There are little stacks of snowballs piled near many of the tombs and they have candles flickering inside. One is a stack of snow skulls, these ones quite beautiful, the grown-up version, polished to almost clear ice, with no grit in the eye sockets. They look like glass ornaments or expensive crystal paperweights. And they sparkle from the candlelight within.
Poor Mum. She deserves better. There are solar lights on sticks next to some of the stones, generally the newer-looking stones, and they’re flickering with the tiny dribble of electricity they’ve managed to eke out of the Toytown winter sky.

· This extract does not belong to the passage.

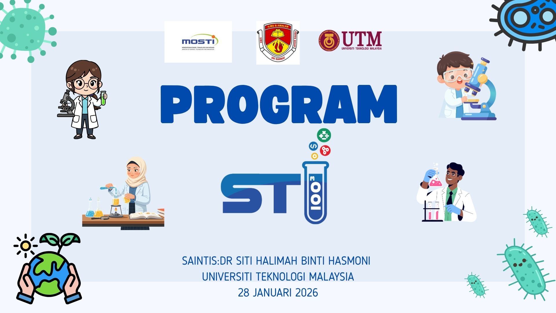 A group of 64 Form 1 students from SMK Sri Rahmat, Johor Bahru, recently participated in an interactive science outreach programme led by Dr Siti Halimah Hasmoni from the Department of Biosciences, Faculty of Science, Universiti Teknologi Malaysia (UTM). The programme was made possible through funding from the Ministry of Science, Technology and Innovation (MOSTI) under the Science, Technology and Innovation (STI) 100³ initiative, which aims to cultivate interest in STEM among school students across Malaysia.

The toughest to look at are the old and the new.
The oldest stones are unreadable, moss-crusted and pocked. They’re not remembered, the people underneath, too many degrees of separation between them and the living world. Most are not quite upright. They’re forgotten and they are falling as slowly as anything in the world could ever fall.
And the new. The freshest graves are still mounded with earth or gravel, humps of fresh soil that haven’t had time to settle. I give these a wide berth. No logical reason but I just can’t walk too close to them.
An owl toots from a nearby tree and I reach instinctively for the old woman’s bread in my pocket.
Toward the very corner of the graveyard, the most pristine section, the area closest to the factory itself, I find the Grimberg family plot. It’s the largest here and the most grand. A low stone wall surrounds the twelve, maybe fourteen graves, and a short evergreen hedge skirts the wall. The hedge looks black. I get wind feedback in my aids so severe I’m tempted to switch them off, but I don’t want to be without them in a place like this.